● **About this task**
Pictures stay out, but every line of the data is copied exactly.

● **Given data**

+-------+

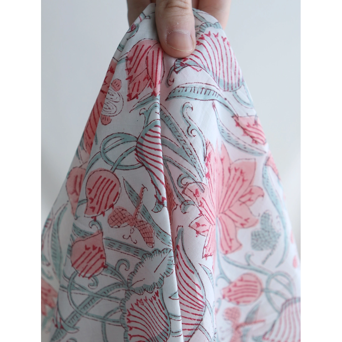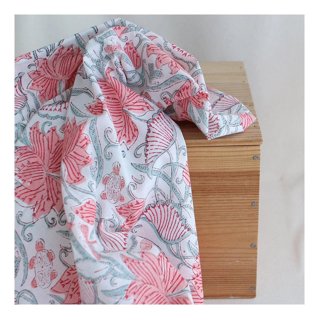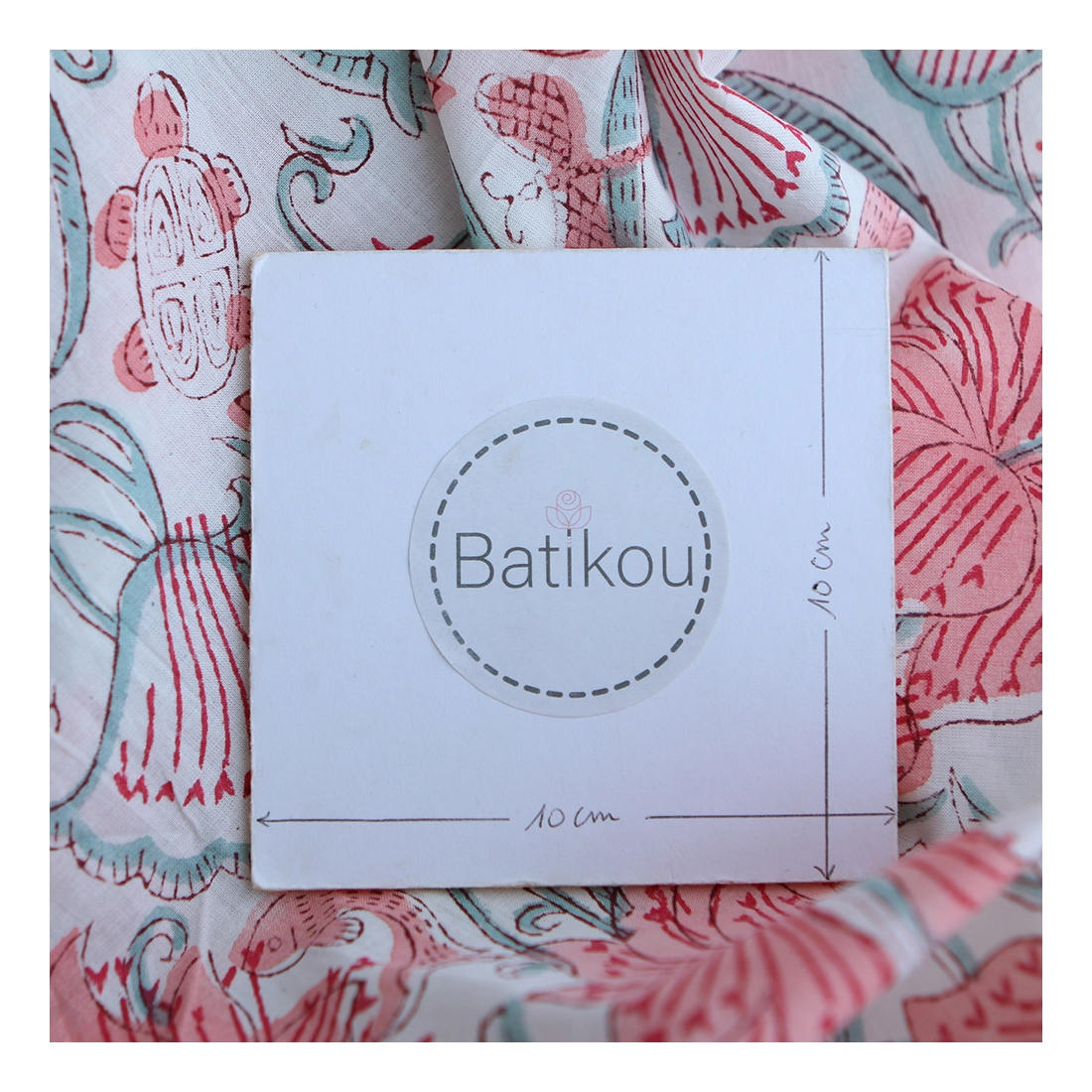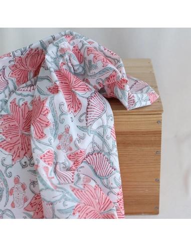 A noter que le processus artisanal (impression à la main, au tampon en bois) de ce tissu fait que chaque pièce est unique et que l'impression n'est pas aussi parfaite qu'un processus industriel.
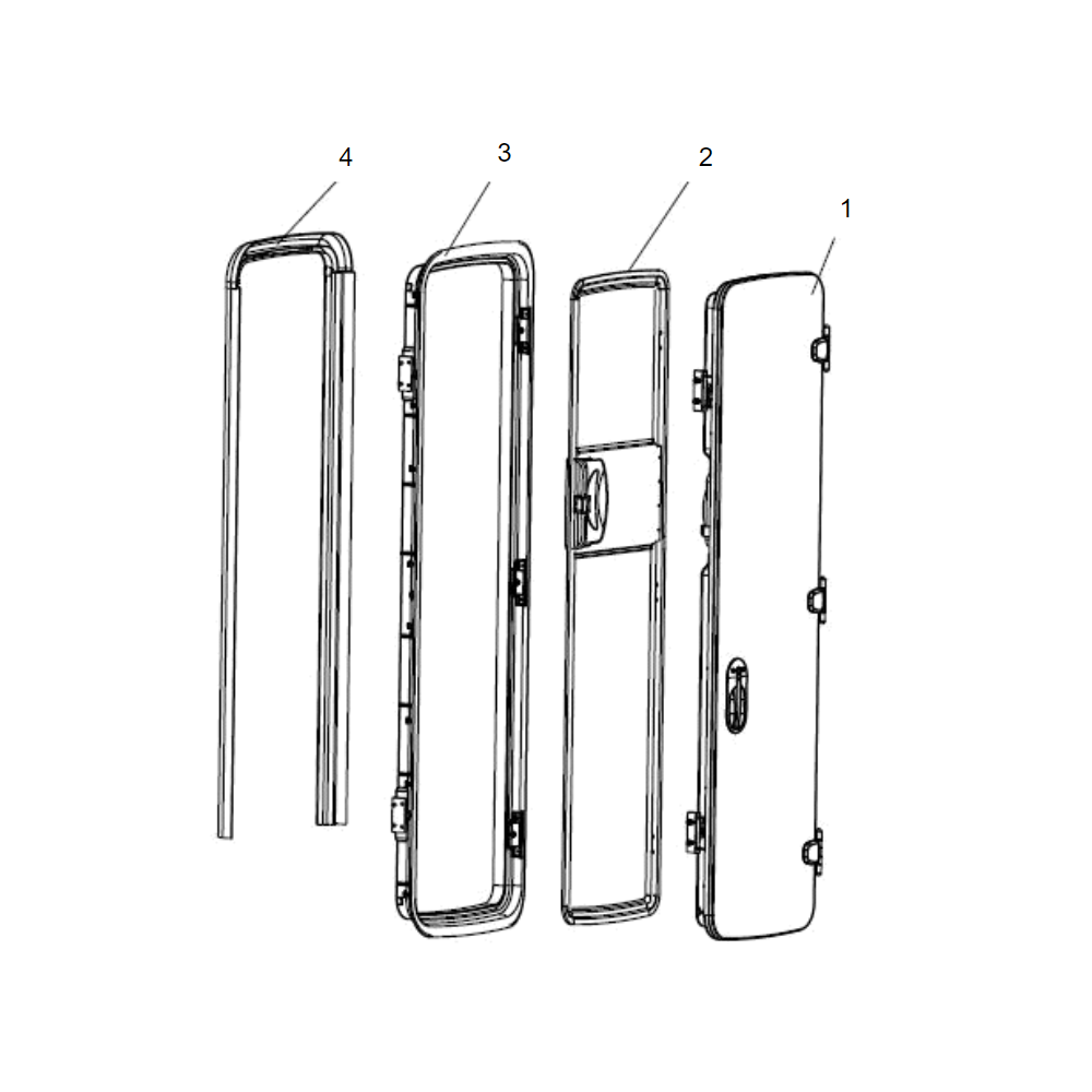 Con riferimento all'immagine allegata è possibile ordinare tutti i ricambi della Porta Dometic Cara D-R - Parti Complete
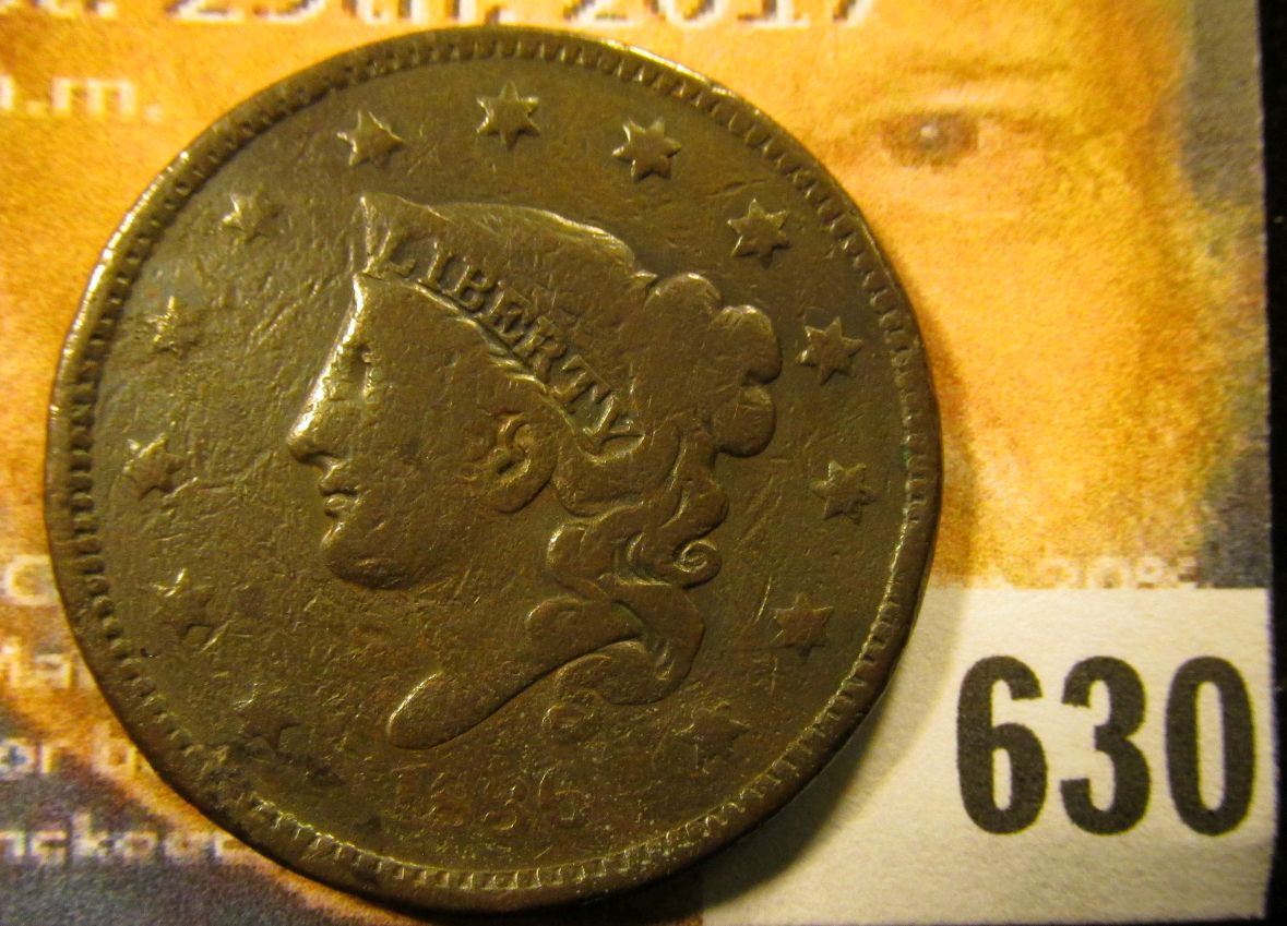 1836 U.S. Large Cent, Fine, Weak date.

+-------+

● **Response to this exercise**
 A noter que le processus artisanal (impression à la main, au tampon en bois) de ce tissu fait que chaque pièce est unique et que l'impression n'est pas aussi parfaite qu'un processus industriel.
 Con riferimento all'immagine allegata è possibile ordinare tutti i ricambi della Porta Dometic Cara D-R - Parti Complete
 1836 U.S. Large Cent, Fine, Weak date.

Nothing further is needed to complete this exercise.